__Aim of the exercise__
Within the entries below, please retype exactly the lines starting with the line that has "Аналитики: доля AMD" and going on through the line that has "I’ve been learning", but not the pictures.

__Working data__
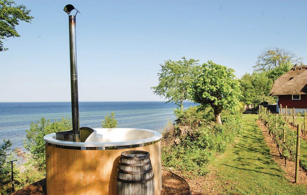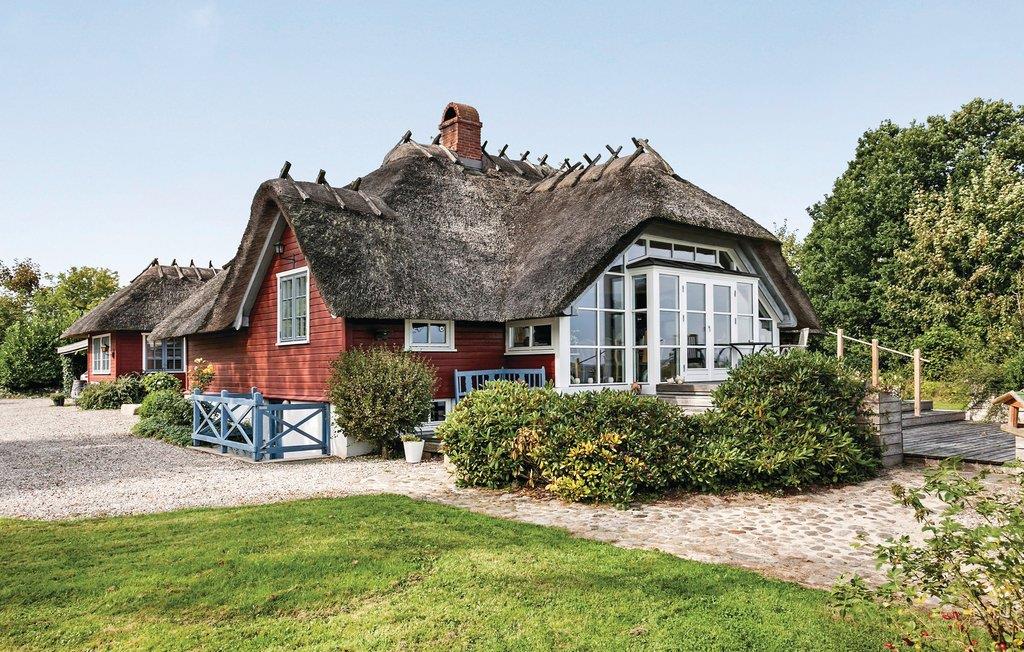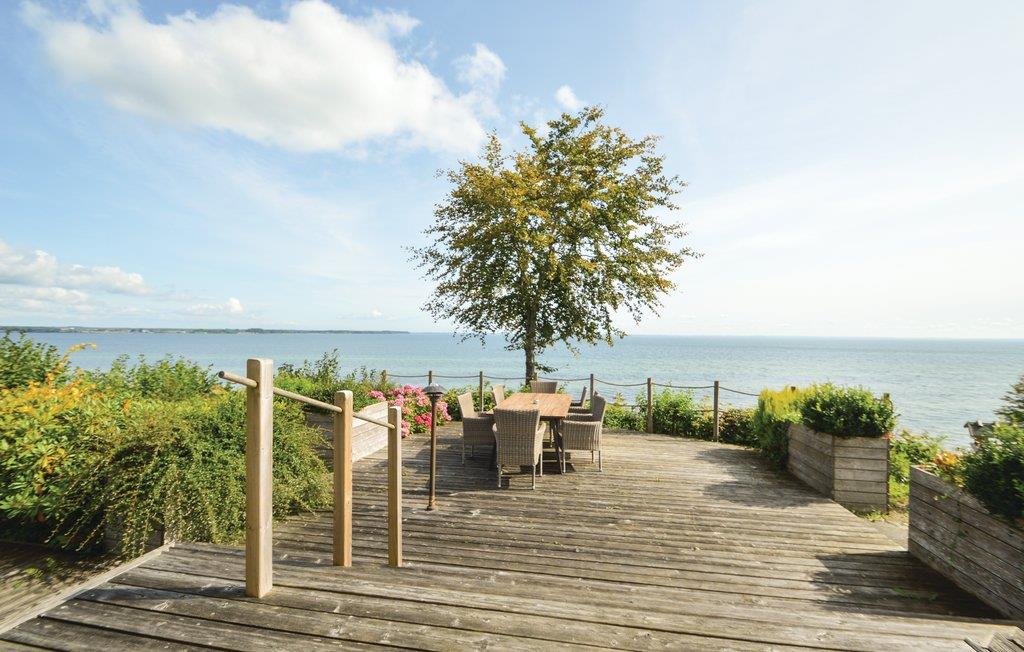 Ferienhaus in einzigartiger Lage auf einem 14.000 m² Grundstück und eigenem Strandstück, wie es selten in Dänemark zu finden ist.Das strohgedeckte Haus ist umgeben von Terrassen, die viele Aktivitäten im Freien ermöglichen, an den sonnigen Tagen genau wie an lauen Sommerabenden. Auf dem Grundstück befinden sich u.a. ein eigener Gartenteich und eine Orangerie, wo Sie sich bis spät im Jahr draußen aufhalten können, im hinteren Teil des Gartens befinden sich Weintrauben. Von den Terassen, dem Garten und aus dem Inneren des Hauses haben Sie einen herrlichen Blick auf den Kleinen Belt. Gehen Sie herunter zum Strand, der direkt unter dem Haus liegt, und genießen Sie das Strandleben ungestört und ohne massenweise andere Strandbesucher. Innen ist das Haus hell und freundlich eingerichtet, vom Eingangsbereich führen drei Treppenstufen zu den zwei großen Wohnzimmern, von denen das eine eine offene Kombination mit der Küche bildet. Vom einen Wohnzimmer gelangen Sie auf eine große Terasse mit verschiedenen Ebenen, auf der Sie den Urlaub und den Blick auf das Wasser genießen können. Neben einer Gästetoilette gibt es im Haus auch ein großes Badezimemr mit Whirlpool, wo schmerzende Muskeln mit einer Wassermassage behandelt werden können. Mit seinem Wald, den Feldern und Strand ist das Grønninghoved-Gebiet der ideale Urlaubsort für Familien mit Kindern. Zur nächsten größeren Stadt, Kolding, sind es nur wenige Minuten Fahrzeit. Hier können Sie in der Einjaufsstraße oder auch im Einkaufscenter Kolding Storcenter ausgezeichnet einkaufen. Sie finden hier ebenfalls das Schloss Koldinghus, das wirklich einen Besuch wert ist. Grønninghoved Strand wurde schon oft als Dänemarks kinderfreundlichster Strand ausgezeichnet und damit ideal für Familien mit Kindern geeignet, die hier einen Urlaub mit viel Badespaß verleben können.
==
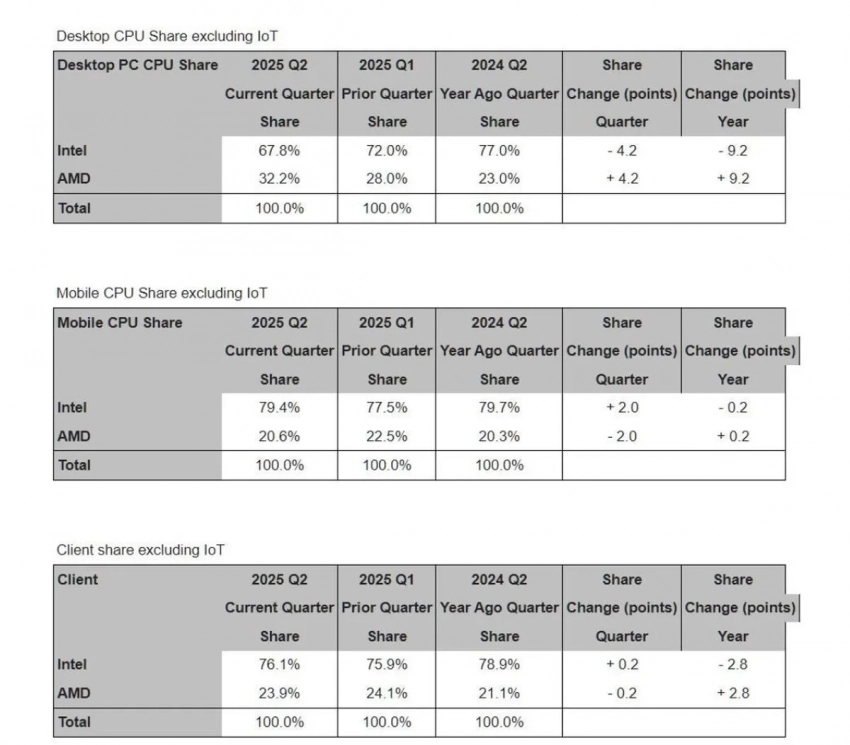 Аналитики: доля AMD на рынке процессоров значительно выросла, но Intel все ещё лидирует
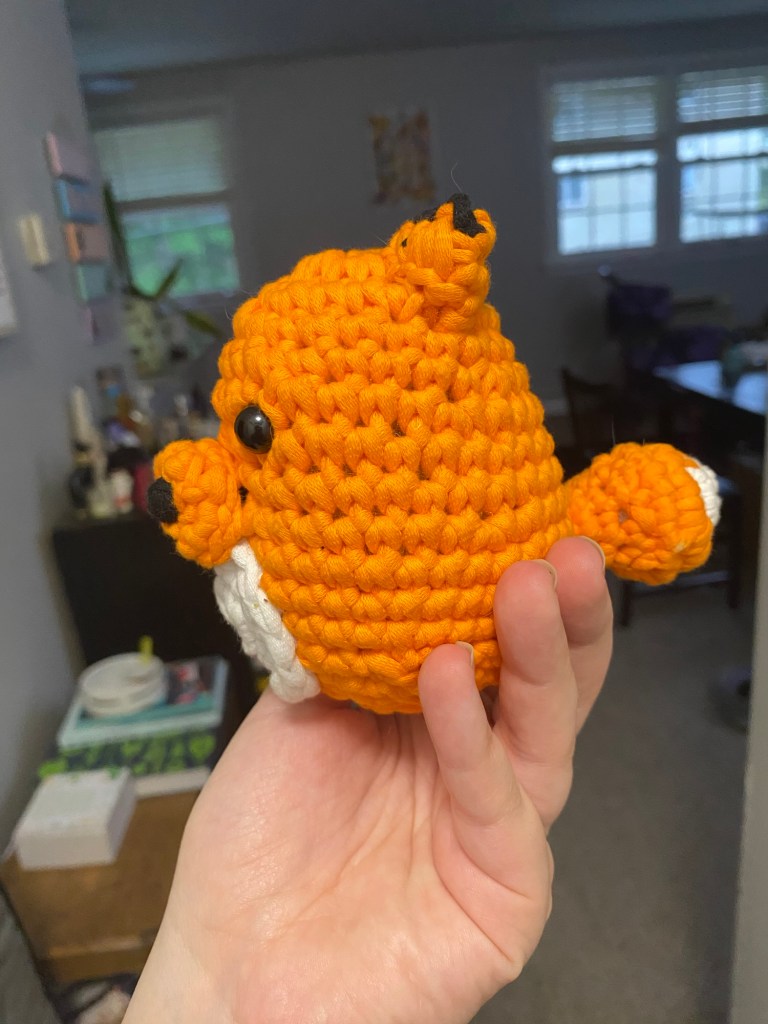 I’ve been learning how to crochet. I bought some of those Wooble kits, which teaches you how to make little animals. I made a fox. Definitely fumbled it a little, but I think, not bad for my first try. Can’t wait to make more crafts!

__Written solution__
 Аналитики: доля AMD на рынке процессоров значительно выросла, но Intel все ещё лидирует
 I’ve been learning how to crochet. I bought some of those Wooble kits, which teaches you how to make little animals. I made a fox. Definitely fumbled it a little, but I think, not bad for my first try. Can’t wait to make more crafts!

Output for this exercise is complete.